» **PROBLEM TO WORK ON**
Omit the images. Reproduce each line of the records exactly as it appears.

====== EXERCISE INPUT

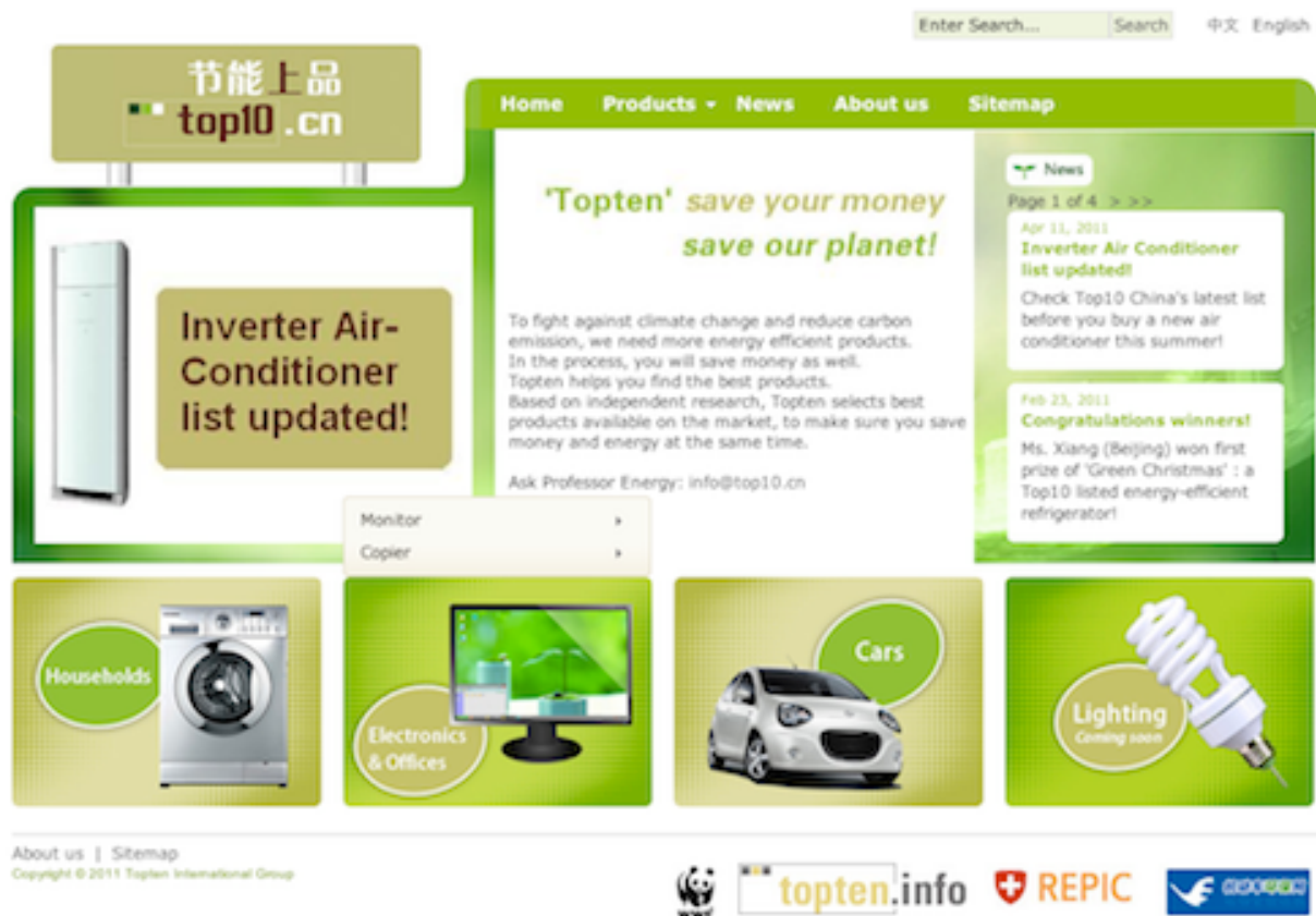
Figure: Screen shot entry page of Topten China

On 26 October 2010, www.top10.cn was publicly launched in Chinese (simplified Mandarin) and English with 7 product categories listing 259 products: refrigerators, washing machines, electrical water heaters, air conditioners (fixed speed and inverter), monitors, copiers and passenger cars. The expansion in 2011 will include several additional key product categories (e.g. TVs, lamps, microwave ovens).
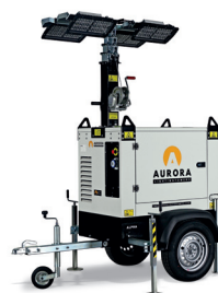
LIGHTING TOWERS WITH ENGINE
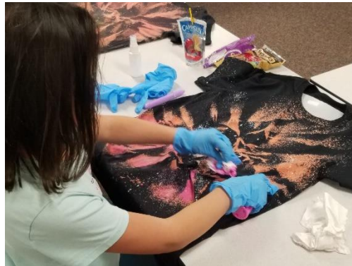
SRP Tween Hangout: Galaxy Swag
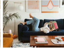
Contemporary Design Choices Design choices offering comfort, residential touches & bespoke art.
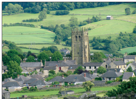
Youlgreave village from Back Lane.
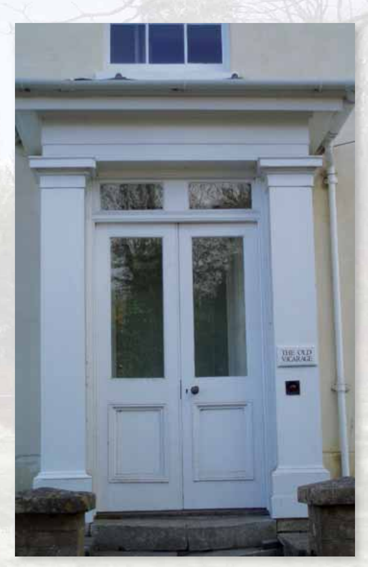
The Old Vicarage porch

Notwithstanding this, development on the edge or immediately outside the conservation area boundary could have a detrimental impact on views into and out of the conservation area, which national government guidance on the preservation and enhancement of conservation areas seeks to resist.
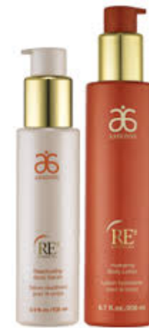
Re9 Body Serum & Lotion

(Got results TWICE as fast when this supplement was added to the Re9 Skin Care)
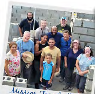
Mission Trip to the Dominican Republic
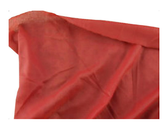
Figure 3. Red Flag, Original, GDR, Elske Rosenfeld, 2011. Photo Series. © Elske Rosenfeld, 2011. Used with permission.

E: Yes, and this is, once again, a very clear and immediate political impulse to doing what I do. In response to this conversation in Canada, I started looking on eBay and researching for East German produced red flags and made a series of prints of those images, exactly as they were posted on eBay, with a small text plate next to them that states where and when they were purchased, alongside the name of the East German factory where they were produced.
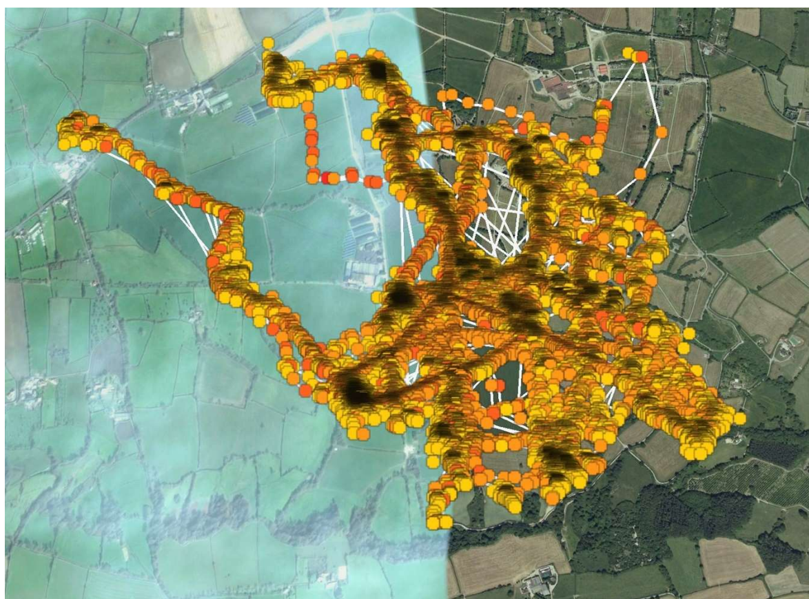
Figure 1. Location of physical activity intensities for all participants around the festival site. Circle colour indication: Yellow = Light; Orange = Moderate; Red = Vigorous. (Dark areas indicate increased density of physical activity; white lines represent additional movement pathways with minimal physical activity registered).

* Moderate to vigorous physical activity (sedentary 0–99 counts \cdot min ^{-1} , light 100–2689 counts \cdot min ^{-1} , moderate 2690–6166 counts \cdot min ^{-1} , vigorous 6167–9642 counts \cdot min ^{-1} and very vigorous \geq 9643 counts \cdot min ^{-1} ) Sasaki et al. [16].
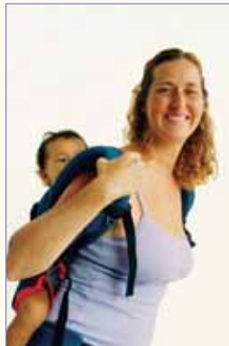
BRING UP PANEL AND SHOULDER STRAPS.
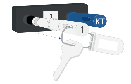
3. Remove the retention peg with keys attached
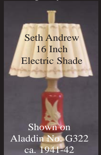
Seth Andrew 16 Inch Electric Shade

============

» **PROBLEM SOLUTION**
Figure: Screen shot entry page of Topten China

On 26 October 2010, www.top10.cn was publicly launched in Chinese (simplified Mandarin) and English with 7 product categories listing 259 products: refrigerators, washing machines, electrical water heaters, air conditioners (fixed speed and inverter), monitors, copiers and passenger cars. The expansion in 2011 will include several additional key product categories (e.g. TVs, lamps, microwave ovens).
LIGHTING TOWERS WITH ENGINE
SRP Tween Hangout: Galaxy Swag
Contemporary Design Choices Design choices offering comfort, residential touches & bespoke art.
Youlgreave village from Back Lane.
The Old Vicarage porch

Notwithstanding this, development on the edge or immediately outside the conservation area boundary could have a detrimental impact on views into and out of the conservation area, which national government guidance on the preservation and enhancement of conservation areas seeks to resist.
Re9 Body Serum & Lotion

(Got results TWICE as fast when this supplement was added to the Re9 Skin Care)
Mission Trip to the Dominican Republic
Figure 3. Red Flag, Original, GDR, Elske Rosenfeld, 2011. Photo Series. © Elske Rosenfeld, 2011. Used with permission.

E: Yes, and this is, once again, a very clear and immediate political impulse to doing what I do. In response to this conversation in Canada, I started looking on eBay and researching for East German produced red flags and made a series of prints of those images, exactly as they were posted on eBay, with a small text plate next to them that states where and when they were purchased, alongside the name of the East German factory where they were produced.
Figure 1. Location of physical activity intensities for all participants around the festival site. Circle colour indication: Yellow = Light; Orange = Moderate; Red = Vigorous. (Dark areas indicate increased density of physical activity; white lines represent additional movement pathways with minimal physical activity registered).

* Moderate to vigorous physical activity (sedentary 0–99 counts \cdot min ^{-1} , light 100–2689 counts \cdot min ^{-1} , moderate 2690–6166 counts \cdot min ^{-1} , vigorous 6167–9642 counts \cdot min ^{-1} and very vigorous \geq 9643 counts \cdot min ^{-1} ) Sasaki et al. [16].
BRING UP PANEL AND SHOULDER STRAPS.
3. Remove the retention peg with keys attached
Seth Andrew 16 Inch Electric Shade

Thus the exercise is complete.